An Introduction to GUARDS AT THE TAJ
See that? Pretty amazing, isn’t it? Even in 2016, in a world that has seen modern man-made wonders as big as the Burj Khalifa and as small as a microchip, there’s something ineffably powerful about the image of the Taj Mahal. It is unique, mysterious, powerful, captivating — and utterly unique. Of all the famously wondrous things created by human beings on earth, all the symbols of progress, all the harbingers of advancement, all the sign-posts that tell us where we’re going, only the Taj asks us to look not forward, not upward, but inward. The Taj invites fundamental questions about beauty — a concept inextricably tied to humanity.
In 1628, Shah Jahan ascended the throne of Hindustan. His wife, to whom he gave the title “Mumtaz Mahal,” or “Chosen One of the Palace,” became Queen. Just three years later, however, she would die in childbirth. According to legend, with her dying breath, she asked her husband to build a mausoleum for her…a monument more beautiful than any the world had ever known. Six months later, Shah Jahan broke ground across the Jamuna River in Agra, to begin the process of building her memorial: the Taj Mahal.
It took 20,000 laborers 20 years to build, but by 1653 it was complete. In the classic Mughal style, it’s built of pure white marble, as well as 30+ varieties of precious/semi-precious stones. The tombs of Mumtaz Mahal and her husband are located under marble cenotaphs in the heart of the Taj Mahal, facing towards Mecca. Their cenotaphs together, one slightly larger than the other, represent the only visible example of asymmetry in the entire monument. Beauty, they seem to say, isn’t always perfect.
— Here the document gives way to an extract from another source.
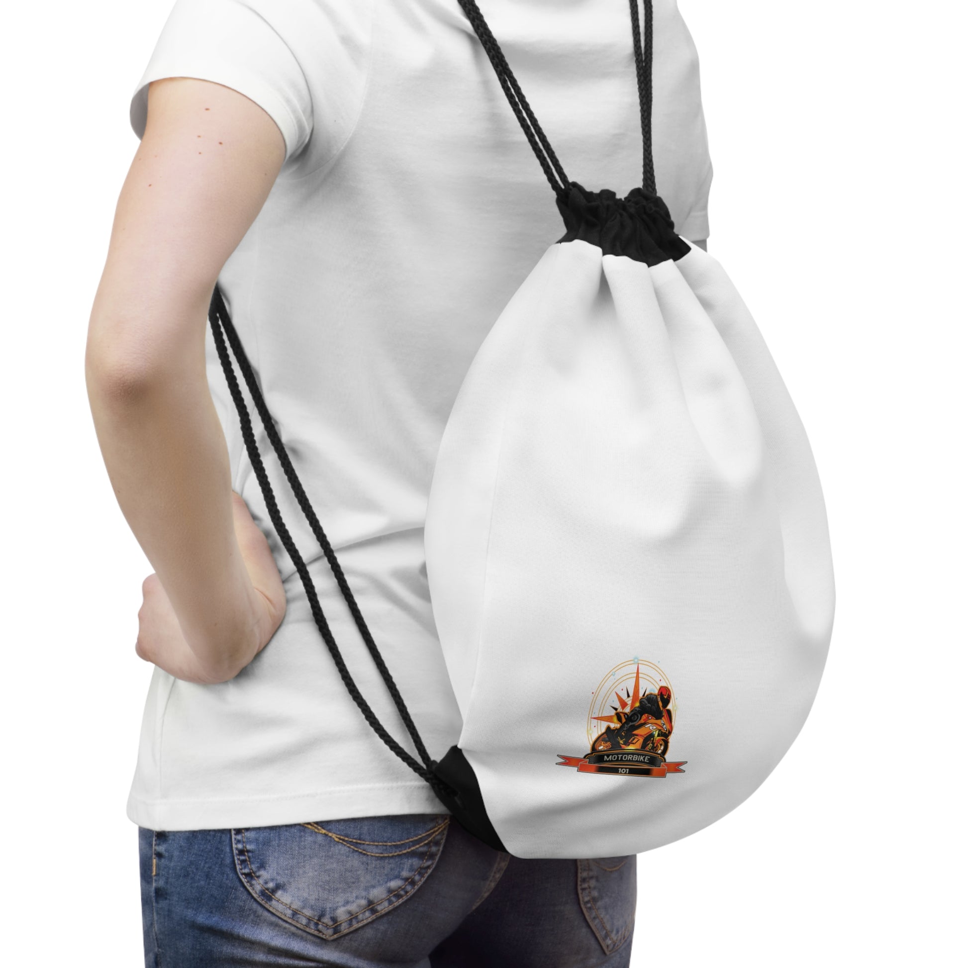 Premium White Drawstring Bag - Lightweight Bag for Travel by Motorbike101

Neither is the process of creating beauty, it would seem. There’s another legend about the Taj Mahal and it’s construction, a darker legend: it is said that after the completion of the Taj, Shah Jahan ordered the hands of the craftsmen and artisans — even the chief architect, a mythic figure named Ustad Isa — who were involved in creating this fantastic monument to be cut off, to ensure that they would never be able to create anything as beautiful ever again.
It’s this story, this horrific fable, that Guards at the Taj grapples with and seeks to flesh out. The questions implicitly posed by these age-old stories are the ones that Rajiv Joseph challenges head on: what are the true costs of love, of empire, of beauty? In an inequitable society, who bears these costs? Ultimately, are they worth it?
The Taj Mahal is beautiful, but like many beautiful things in this world, its history is fraught and complicated. There’s more to its story than the tonnage of marble it took to build, or the number of precious stones it contains, or the way it seems to almost disappear in the white-hot heat of an Agra afternoon. Its story is about us — humanity and beauty, sometimes opposed, but forever intertwined.